There should be one for NE Not Evaluated but I'm not sure what it is.

gshaw commented 1 year ago

Other interesting WikiData properties related to birds.

gshaw commented 1 year ago

My approach doesn't quite work because of differences in scientific names used by eBird, Wikipedia, Wikidata, and IUCN. E.g., some scientific names used by eBird are different than IUCN. I wrote a script to import the conservation status from IUCN into the scientific names used by eBird but that causes a lot of conflicts because Wikidata only allows one record to have an IUCN taxon ID. This required me to fix 100s of conflicts via script and a bit by hand.

It's cool how easy it is to jump in to contribute to Wikidata but it's also difficult if you don't aren't sure who to ask for guidance.
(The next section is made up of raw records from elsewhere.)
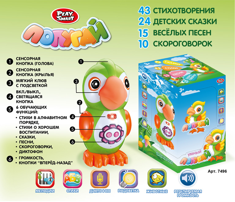 Питомец 7496 Попугай в кор.интерактив. B380-H05004
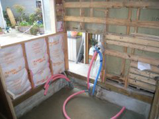 | 給水管を配管しコンクリートを流しました。 | ユニットバス業者による組み立て作業中。 | ボイラーを設置し仕上げのペンキを塗ります。 |
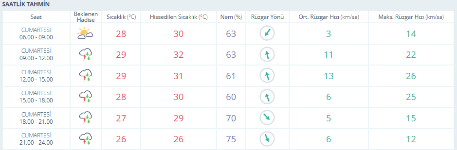 Meteoroloji Genel Müdürlüğü tarafından yapılan son değerlendirmelere göre, Antalya’da gökgürültülü sağanak yağmurlu bir gün bekleniyor. Hissedilen en yüksek sıcaklık 31, en düşük 26 derece olacak. En düşük nem 60 en yüksek nem ise 75. Rüzgarın saatteki hızı ortalama en yüksek 13 km olarak tahmin ediliyor.
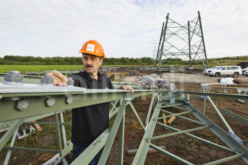 Engineer checking screw connections on segments of extra high-voltage pylons of a 380 kV extra-high voltage power line under construction, Wipfratal, Thuringia, Germany
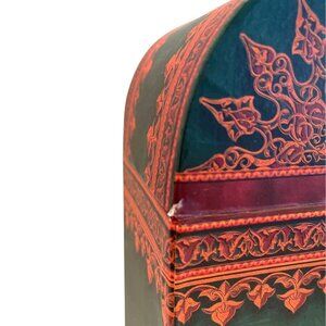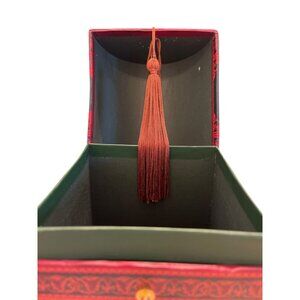 This wine gift box features an intricate floral design in rich green and red tones. The attached tassel adds a touch of elegance, suitable for formal occasions.

I'm still left uncertain on how to proceed down this route. Ultimately I think leveraging Wikidata is the right thing to do but I'm not sure the best way to handle the differences in eBird as this time. Giving it more time as this isn't on the critical path.

Reference script code and run output: https://gist.github.com/gshaw/a326394f260def9bef66765b0959f89a

Also, shout out to the wikibase-cli tool. Fantastic for scripting as the Wikibase API isn't trivial to use to modify records.